Secondo parere sì, e poi?
DOMANDA
Buongiorno, per un problema legato all’ipertensione, mi trovo a dover prendere una decisione importante per la mia salute. Il mio medico di base sostiene che sarebbe sufficiente qualche cambiamento nello stile di vita e un diuretico, mentre uno specialista mi ha prospettato un quadro abbastanza minaccioso e vorrebbe farmi prendere un mix di farmaci per un tempo indefinito (forse per tutta la vita?). Sul vostro sito, inoltre ho letto informazioni sui farmaci antiipertensivi che mi hanno un po’ spaventato. Sarei quindi tentato di affidarmi al mio medico, ma sono preoccupato perché so che un mio nonno è morto d’infarto e uno zio è rimasto per sempre segnato da un ictus. Ho pensato di consultare un altro medico, ma ho già avuto due pareri (basati su diversi esami) e temo che dopo il terzo vorrei sentirne un quarto. Insomma, potrei andare avanti all’infinito. Non so che strada prendere e le chiedo: come si esce da una situazione di stallo come questa? Ugo
RISPOSTA
Se un secondo parere aiuta quasi sempre ad ampliare la prospettiva, chiedere una terza opinione può essere utile in alcuni casi, e una totale perdita di tempo in altri.
Molti di noi riescono a curarsi da soli nella maggior parte dei casi, ma davanti a una patologia grave, alla necessità di un intervento chirurgico, a un disturbo subdolamente minaccioso come l’ipertensione, occorre trovare il coraggio di affidarci a un esperto, e lasciare a lui (o a lei) la decisione finale. Ma non sempre è facile.
Per questo è utile trovare un medico di fiducia quando stiamo bene.
Ognuno ha i suoi parametri per scegliere la persona giusta alla quale affidarsi: per alcuni è il centro specialistico più accreditato dal SSN, per altri il medico che ha tirato fuori dai guai un amico che non era riuscito a guarire benché curato dai migliori specialisti del campo, per altri ancora deve essere una persona che abbia un orientamento terapeutico di carattere olistico e così via. Magari non è il più simpatico, però è sicuramente quello che riesce a placare i nostri dubbi con risposte accurate.
In genere, di fronte a un problema serio che non implichi un’emergenza, vale la pena di cominciare con la terapia meno invasiva – nel suo caso, per esempio, quella suggerita dal medico di base, o un approccio naturale che comprenda tutti gli interventi sullo stile di vita che può trovare descritti su Eurosalus, ma sotto la supervisione di un medico esperto – per poi passare a una terapia farmacologica più impegnativa se non si ottengono i risultati desiderati.
In fondo è quello che quasi tutti facciamo quando abbiamo l’influenza, ma anche, in situazioni più problematiche, quando ci viene prospettato un intervento chirurgico.
In certi casi, però, fidarsi è difficile. Magari perché abbiamo visto morire una persona cara con una patologia simile, perché abbiamo una difficoltà esistenziale ad affidarci a qualcuno diverso da noi stessi, o anche solo per aver letto su internet cose delle quali il nostro medico di fiducia non sembra al corrente.

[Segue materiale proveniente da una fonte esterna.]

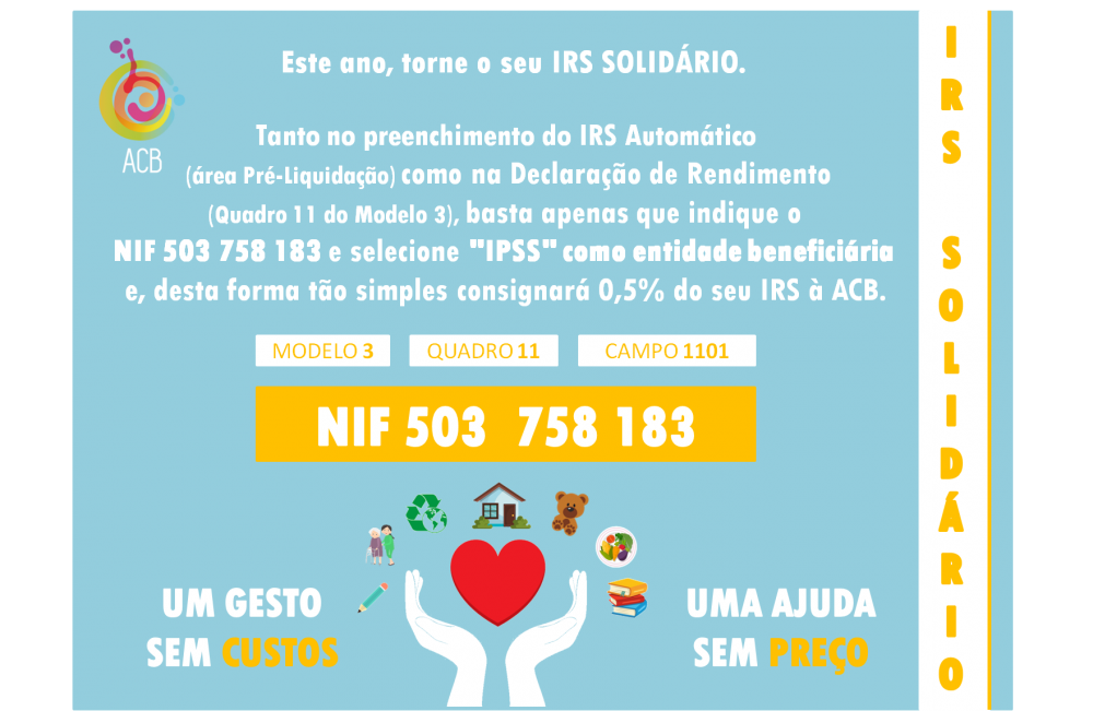 Sabia que ao preencher o seu IRS pode doar 0,5% à ACB sem custos associados? Gostaríamos de contar com a sua estimada ajuda, aquando da apresentação da declaração de IRS. Trata-se de um valor do seu imposto, neste caso 0,5% que iria ser a favor do Estado. Basta apenas que: no preenchimento do IRS Automático (área Pré-Liquidação) como na Declaração de Rendimento (Quadro 11 do Modelo 3), indique o NIF 503 758 183 e selecione "IPSS" como entidade beneficiária e, desta forma tão simples consignará 0,5% do seu IRS à ACB. Seja solidário, agradecemos o seu apoio! |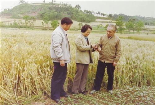 1989年10月,杨汝岱同志(右一)在四川农村考察粮食生产。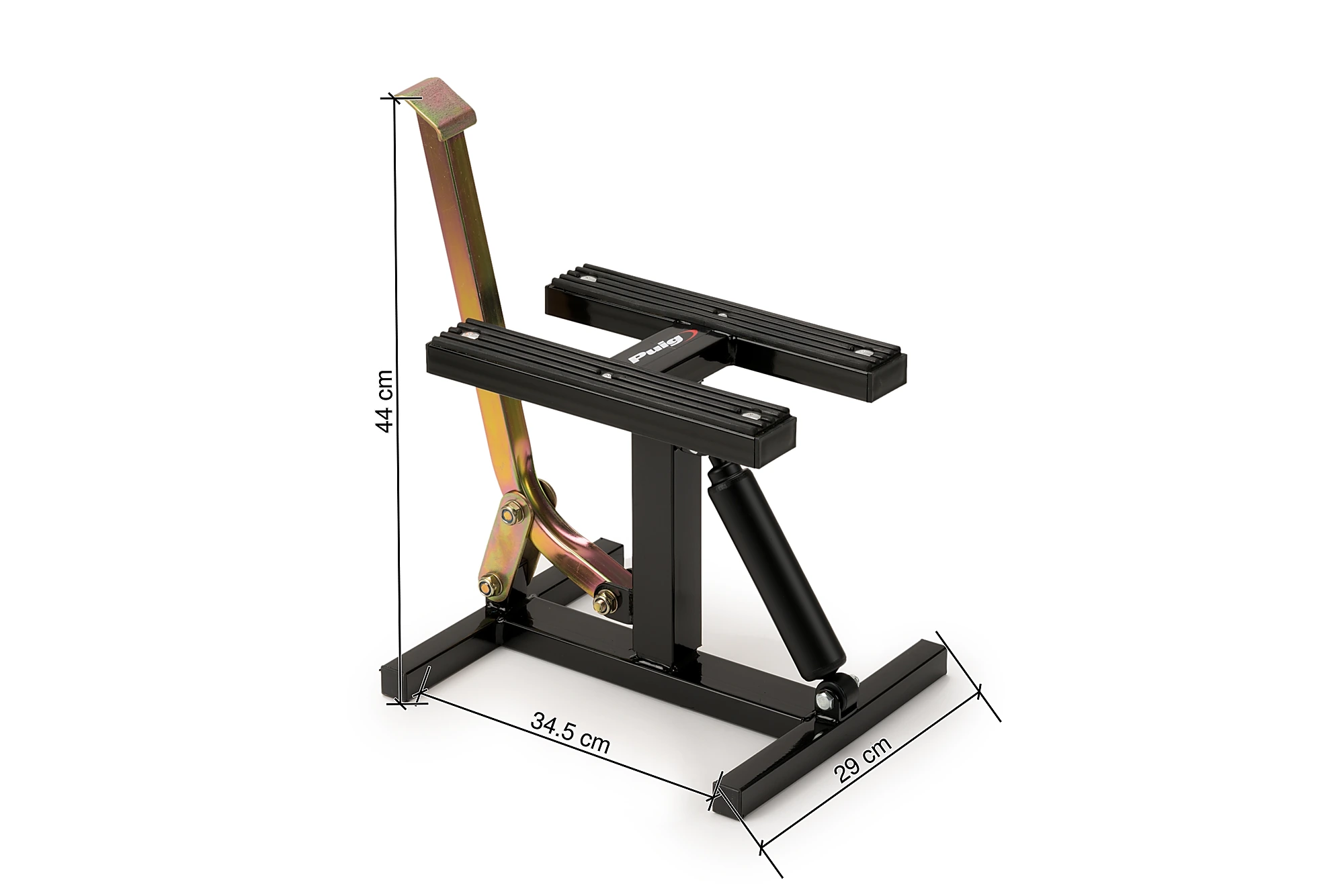 Fabricat en acer i pintat amb pintura Negra EPOXI, et permetrà aixecar la teva moto gràcies al seu mecanisme hidràulic, amb una alçada en la seva posició més baixa de 300 mm i 410 mm en la seva posició més alta.

In circostanze come queste può essere prezioso l’intervento di un counselor, che aiuti a tenere a bada gli elementi che interferiscono con la scelta da fare (soprattutto quando è urgente) in modo da potersi concentrare sulla questione in primo piano.
Il ruolo del counseling in casi di questo genere ha ricevuto di recente l’attenzione dello IEO, l’Istituto Europeo di Oncologia, presso il quale è in corso un progetto pilota che prevede l’affiancamento di un counselor all’èquipe medico-infermieristica per i pazienti oncologici, che non di rado si trovano a dover valutare diverse opzioni, alcune delle quali ancora in fase sperimentale. La competenza specifica del counselor, diversa da quella dello psicologo, è mirata in questa, come in altre situazioni, a favorire proprio il processo decisionale della persona coinvolta.